Rural physician Tony Lundberg’s motto is “Keep caring, despite being tired,” because, he says, good listening skills are among the best diagnostic tools. (Michael Guilfoil / The Spokesman-Review)
Rural physician Tony Lundberg’s motto is “Keep caring, despite being tired,” because, he says, good listening skills are among the best diagnostic tools. (Michael Guilfoil / The Spokesman-Review)

ST. JOHN – You might assume the best place to suffer a heart attack is near a major urban hospital specializing in coronary care.

Another good place is on a racquetball court with Tony Lundberg.

Three months ago, Lundberg’s 50-year-old opponent collapsed midgame, 90 miles from Sacred Heart Medical Center in Spokane.

“He looked like he was seizing. Then he turned blue,” recalled Lundberg, a rural family physician. “So I immediately went into ER action mode and started CPR.

“He’s a really big, big guy. Fortunate, I was able to get some other players to help me open his airway.

“The EMTs arrived and shocked him back into rhythm. We got him to Pullman Regional Hospital, and from there he was flown to Spokane.”

The patient had four plugged vessels, and required a coronary artery bypass graft, Lundberg said. “But he didn’t lose any heart muscle, which is extremely rare.”

Had the incident occurred almost anywhere else that day, the man likely would have died, Lundberg said. “Instead, we’re playing racquetball together again, and he’s even better than he was before.”
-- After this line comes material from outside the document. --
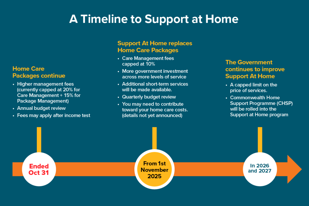 The Australian Government is introducing the new Support At Home program to replace Home Care Packages (HCP) from 1st November 2025.

When not playing racquetball – or pingpong, Lundberg’s other recreational passion – his career keeps him constantly in motion. Two days a week, weather permitting, he skateboards to a small medical clinic down the street from his ornate Victorian home in St. John, population 600. Two other days, he drives 37 miles to a clinic in Tekoa. He also performs surgery at Whitman Hospital in Colfax, where he pulls emergency room duty every sixth day, and monitors in-patients every sixth weekend.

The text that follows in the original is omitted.